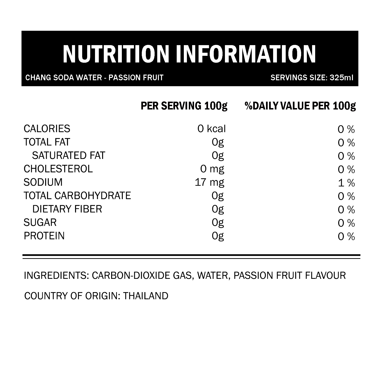 [1 Carton] Chang Soda Water Passion Fruit Flavour (24x325ml)
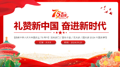 2024建国75周年喜迎国庆PPT精美简洁风礼赞新中国奋进新时代党课.pptx
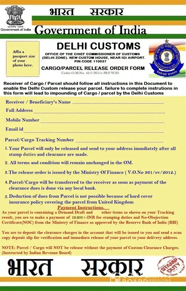 We have also attached a scan copy of the Release Order Form from the Indian Customs for you to print it out and fill it carefully and send a scan copy of it to our Delivery Agent Diplomat MORGAN SMITH so that he can submit the form to the Indian Custom Clearance Department on Arrival.
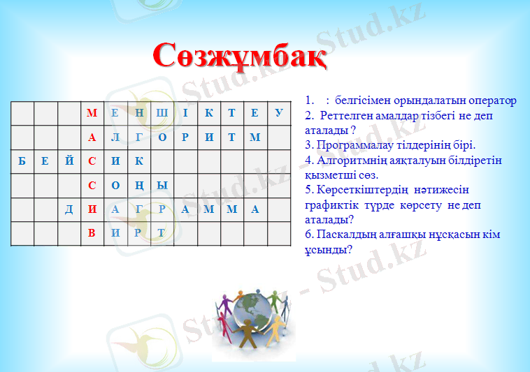 Оқушы білуі қажет: Массивке берілген есептерге программа жазуды.
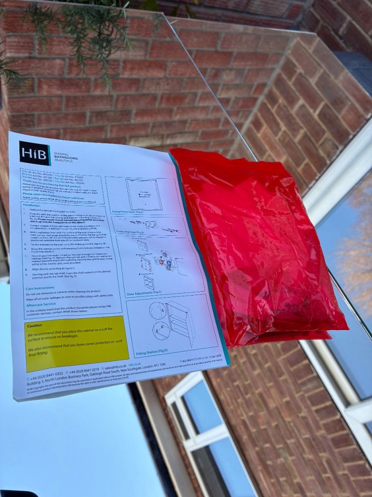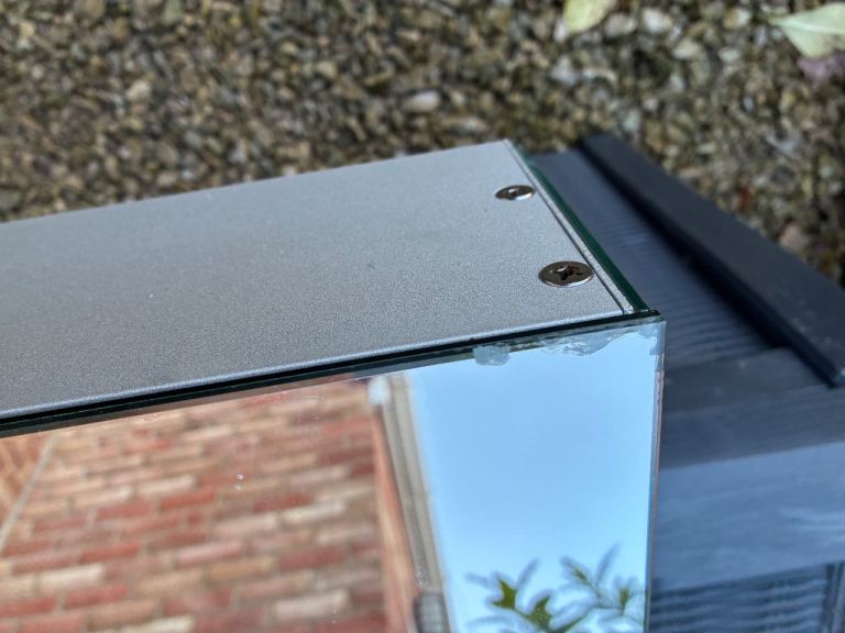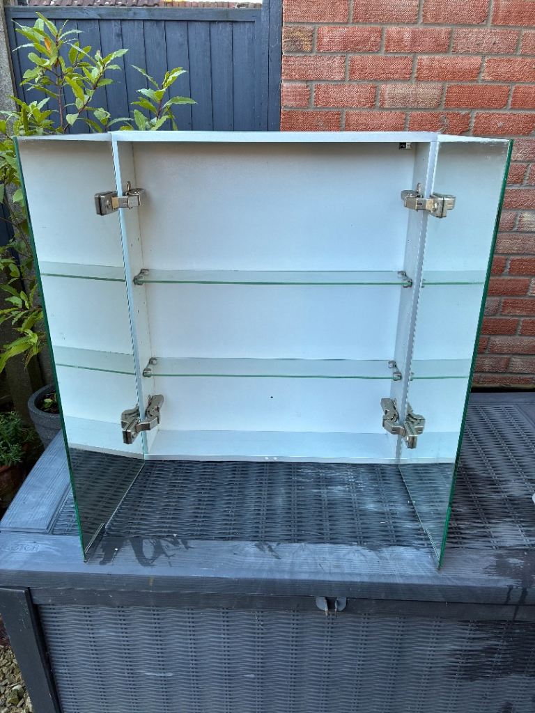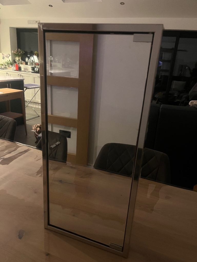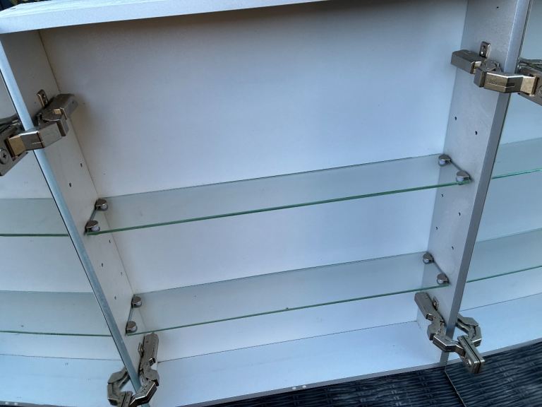 High end cabinet as pictured in its original box with fittings. Has been used for a few years and therefore has signs of degrade to the edges of the glass, however this is only in certain places all of which I have highlighted in the images. Still looks great and comes with a brand new fixing pack too and instructions. Cost £500 new so is a bargain at the price.
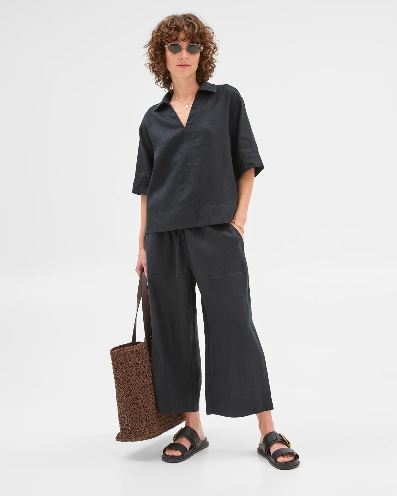 Step into comfort and style with these European linen cropped trousers, designed to keep you feeling light on your feet even on the warmest days. Their gentle, wide-leg shape and cropped length allow for plenty of movement, making them a great choice for lunch dates or afternoon strolls. The soft waistband adjusts seamlessly to your body, while the deep front pockets are perfect for carrying daily essentials. Treat yourself to comfort you can feel and a look you'll love to wear all season.
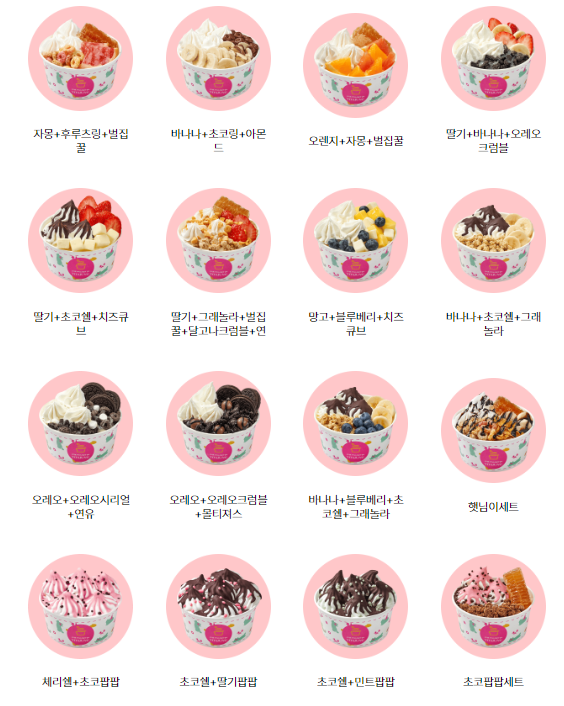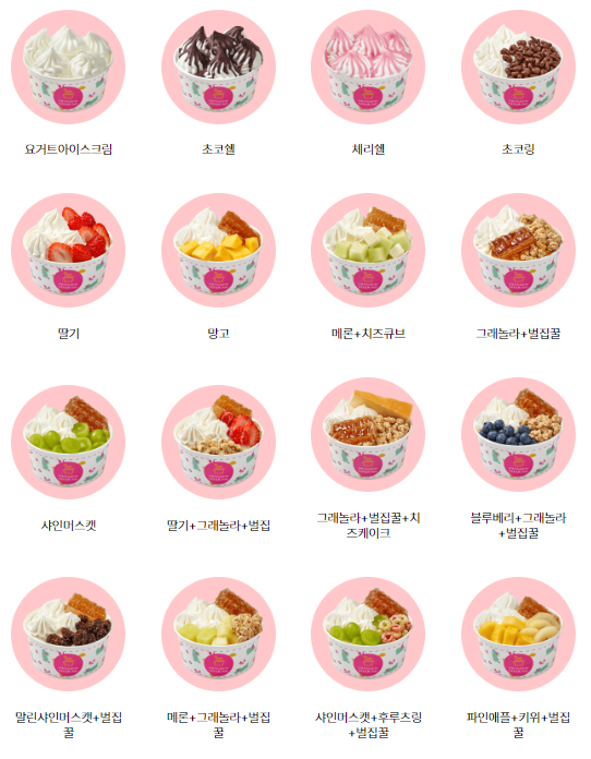 기본 베이스 요거트아이스크림 위에다가 토핑을 올리면 되는데, 우리 서브웨이 처음갔을때처럼 좀 어버버하게 되더라고요. 이것저것 어떤 조합이 요아정꿀조합인지 잘 모르겠다 싶으신 분들은 이미 만들어진 메뉴에서 고르는게 낫겠어요.
☆ ☆ ☆ ☆ ☆
**Task to carry out**
What is needed is an exact copy of the lines from the start of the records through the line containing "High end cabinet", with no pictures.

**Expected answer**
 [1 Carton] Chang Soda Water Passion Fruit Flavour (24x325ml)
 2024建国75周年喜迎国庆PPT精美简洁风礼赞新中国奋进新时代党课.pptx
 We have also attached a scan copy of the Release Order Form from the Indian Customs for you to print it out and fill it carefully and send a scan copy of it to our Delivery Agent Diplomat MORGAN SMITH so that he can submit the form to the Indian Custom Clearance Department on Arrival.
 Оқушы білуі қажет: Массивке берілген есептерге программа жазуды.
 High end cabinet as pictured in its original box with fittings. Has been used for a few years and therefore has signs of degrade to the edges of the glass, however this is only in certain places all of which I have highlighted in the images. Still looks great and comes with a brand new fixing pack too and instructions. Cost £500 new so is a bargain at the price.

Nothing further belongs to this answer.